Fast Tree-Comparison Tools

Comparing tree topologies is an essential and time-consuming step in phylogenetic analysis. CompareTree.pl and CompareToBootstrap.pl are up to 100 times faster than the standard tools for comparing large trees. For example, to compute the global bootstrap for 100 replicates on a tree of 52,000 sequences, phylip's consense took 118 hours and 9.4 GB of RAM, while CompareToBootstrap.pl took just 80 minutes and 720 MB of RAM. To compare two trees of 52,000 sequences took CompareTree.pl just 21 seconds, while phylip's treedist took 3 minutes to compare two trees of just 5,000 sequences.

The key trick is to hash the splits of a tree (the two lists of nodes on either side of an internal edge) in just O(N) time by setting the hash value for an internal node to the sum of its childrens' hash values. We rely on the tree itself to store the list of descendents, so that the hash requires only O(N) space. Thus, CompareTree.pl and CompareToBootstrap.pl require just O(N) space and have a best-case running time of just O(N). In contrast, most tools require at least O(N2) time and space to compare two trees.

CompareTree.pl compares the splits in one tree to those in another. In particular, it reports the fraction of splits in the 1st tree that are also found in the second tree. This is related to the "symmetric" or Robinson-Foulds distance by fraction = 1 - d/(2*(Nleaves-3)). CompareTree also reports the splits that line up and compares their branch lengths and support values.

CompareToBootstrap.pl counts how often the splits in a main tree are found in the resampled trees. The bootstrap value for an internal node is the fraction of times that this split (that is, the leaves beneath this node versus all other leaves) is maintained in the resampled trees. CompareToBoostrap.pl outputs a new tree with the same topology and branch lengths as the original tree, but with these new bootstrap values. (Note: this is rather different from what consense does -- consense computes a new majority-consensus topology and returns the number of trees that support each split as the branch length for that internal node.)

Running the tree comparison scripts

The tree-comparison tools are written in Perl and should run on any platform with Perl installed. (We use version 5.32.1.) These tools rely on the MOTree.pm Perl module, which is included in this repository.

Usage:

    CompareToBootstrap.pl -tree main_tree -boot bootstrapped_trees > new_tree
    CompareToBootstrap main_tree bootstrapped_trees > new_tree
    CompareTree.pl -tree tree1 -versus tree2 > comparison_table
  

All input files must be in Newick format.

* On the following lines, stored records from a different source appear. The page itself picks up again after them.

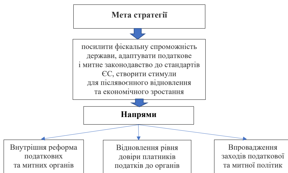
Рис. 2. Стратегічні напрями реформування податкової і митної систем

В теперішній час дуже важливим є і забезпечення безпеки та розумного управління перевірки, що має велику важливість для платників податків. Податкові перевірки можуть стати джерелом стресу та незручностей для бізнесу, особливо в умовах нестабільності, такої як воєнний стан. Недостатня безпека під час перевірок може призвести до порушень прав платників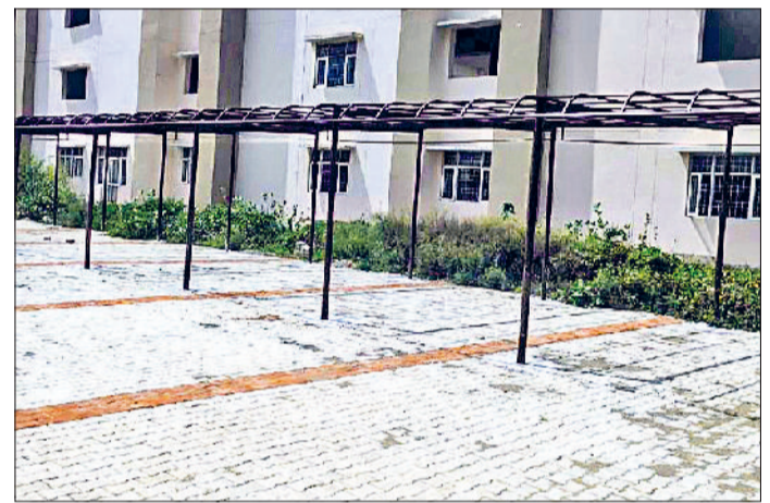
मंडी अटेली। महंत खेतानाथ राजकीय महाविद्यालय के नये भवन के खेल मैदान में ठेकेदार उठाई गई मिट्टी व महाविद्यालय में पार्किंग टैनशेड के ऊपर अभी तक नहीं लगी चढ़रें।

के बाद से अब तक कोई खेल गतिविधि नहीं हो पाई है।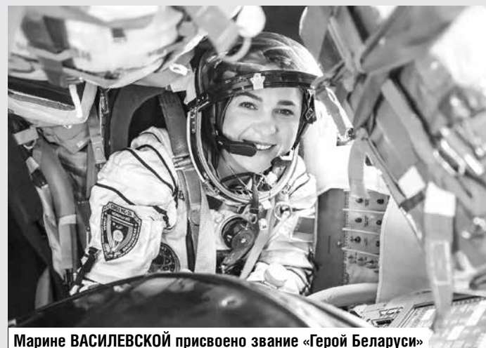
Марине ВАСИЛЕВСКОЙ присвоено звание «Герой Беларуси»

АЛЕКСАНДР ЛУКАШЕНКО СЛЕДИЛ В ПРЯМОМ ЭФИРЕ ЗА ВОЗВРАЩЕНИЕМ С МЕЖДУНАРОДНОЙ КОСМИЧЕСКОЙ СТАНЦИИ БЕЛОРУССКОГО КОСМОНАВТА МАРИНЫ ВАСИЛЕВСКОЙ И ОСТАЛЬНЫХ ЧЛЕНОВ ЭКИПАЖА КОРАБЛЯ «СОЮЗ МС-24»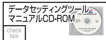
HRC 38773-K26-R20 2,200 円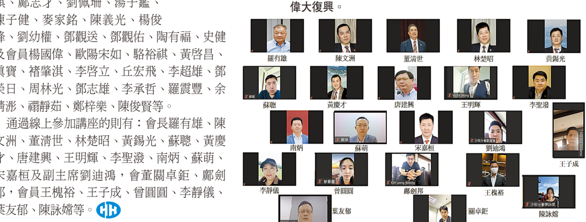
通過視訊參加座談會的同仁。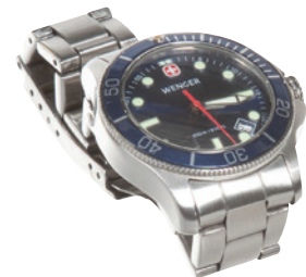
Uhr (nicht in der Packung enthalten)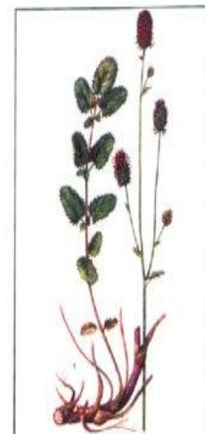
Рис. 61 Кровохлебка лекарственная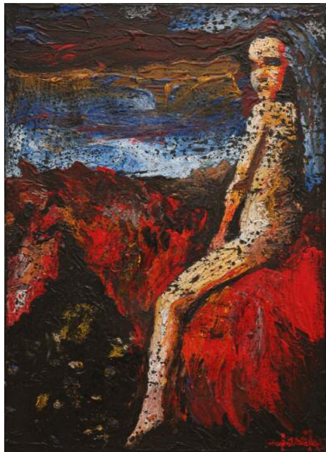
Κίκος Λανίτης · Χωρίς Τίτλο, (2015) μικτή τεχνική σε καμβά · 70x50 εκ.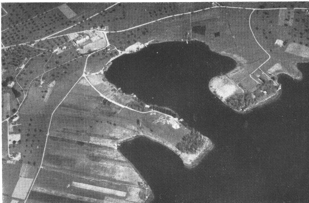
Fig. 1. NW-Ende des Sempachersees. Trichter mit der vorgeschobenen Landzunge, die einst eine isolierte Insel war.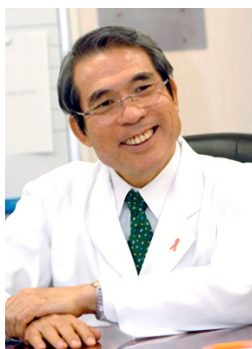
認定NPO法人 乳房健康研究会 理事長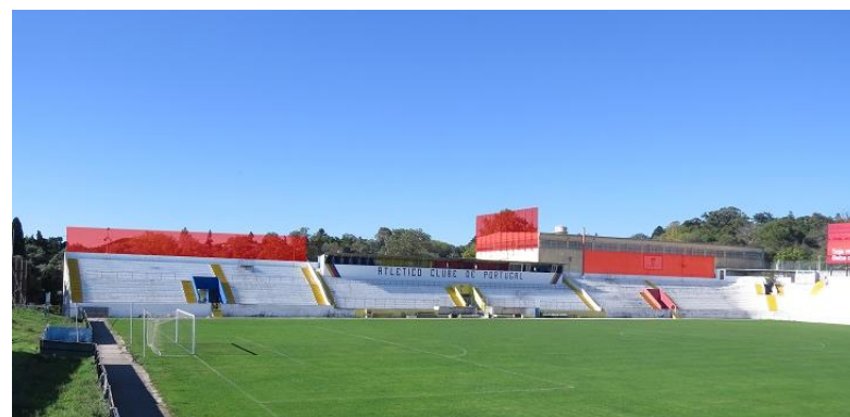
CAPACIDADE PARA 2 OUTDOORS NA ZONA ESTE DO ESTÁDIO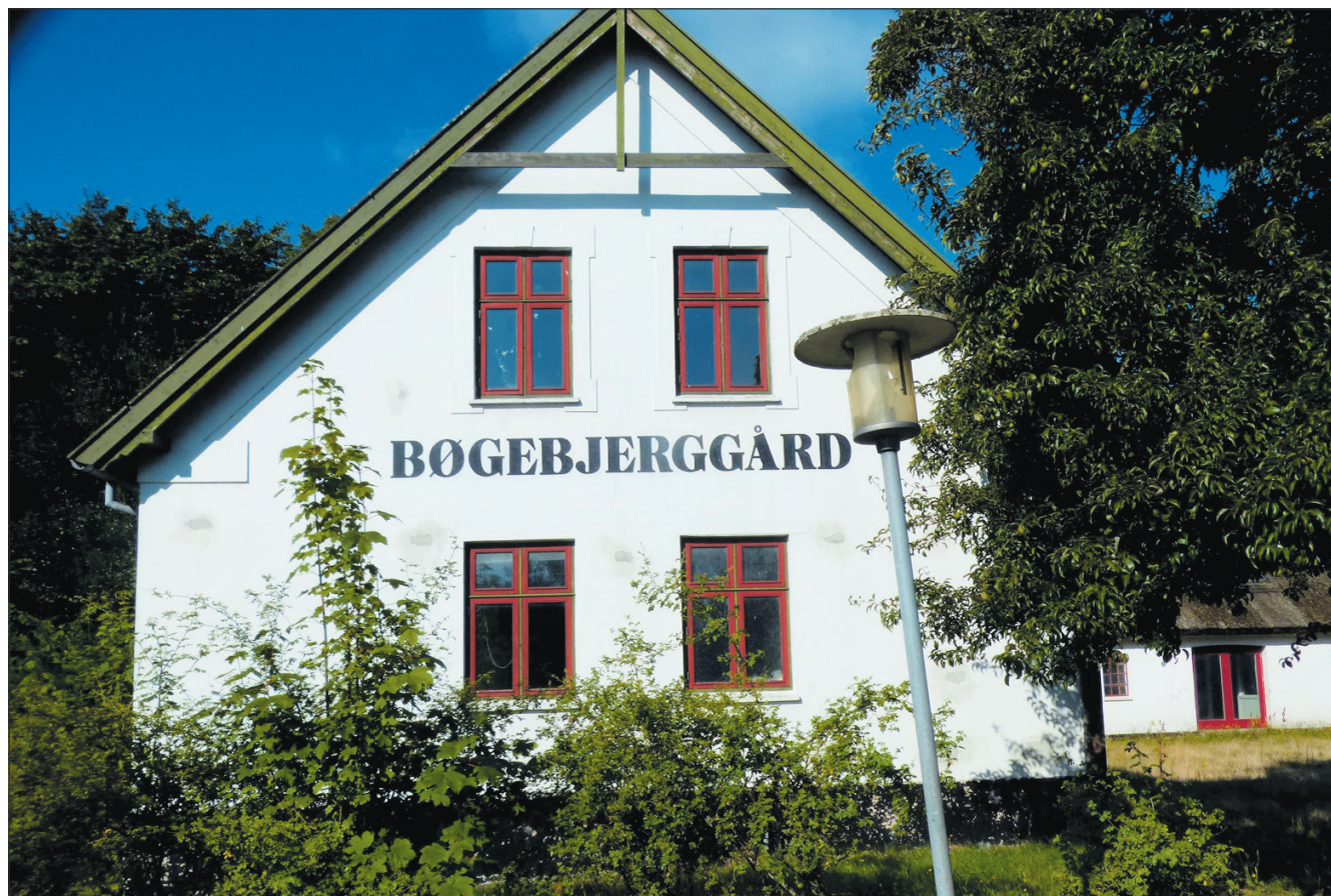
Bøgebjerggård er blevet bygget om, så ukrainske flygtninge kan indkvarteres på stedet. De første flyttede ind i juni.

- Den ene bygning er taget i brug, og den anden forventer vi bliver færdig inden 1. september. Pt. bor der 17 personer, heraf otte nyankomne, så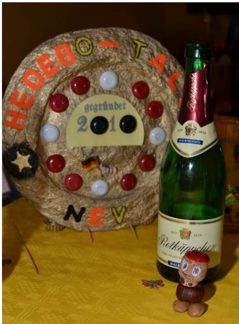
Objekt 2011_001 Vereinswappen (hier mit Korkebmännlein)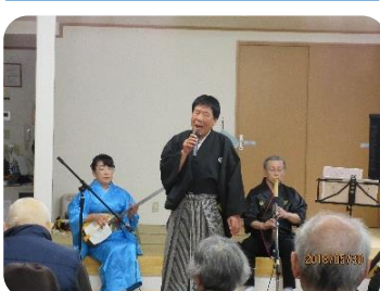
★かつらお民謡会様 グループホームほほえみ

CompareToBootstrap.pl will compare the main tree to the bootstrapped trees. The bootstrapped tree file should contain multiple trees separated by newlines and ending with a semicolon (";"), as is standard for Newick format. (Each tree may be split across multiple lines.) CompareToBootstrap.pl will print out a tree with the same topology and branch lengths as the main tree and with bootstrap values as the names for the internal nodes. The bootstrap values are fractions, not counts. In other words, they range from 0 to 1, not from 0 to number of bootstraps.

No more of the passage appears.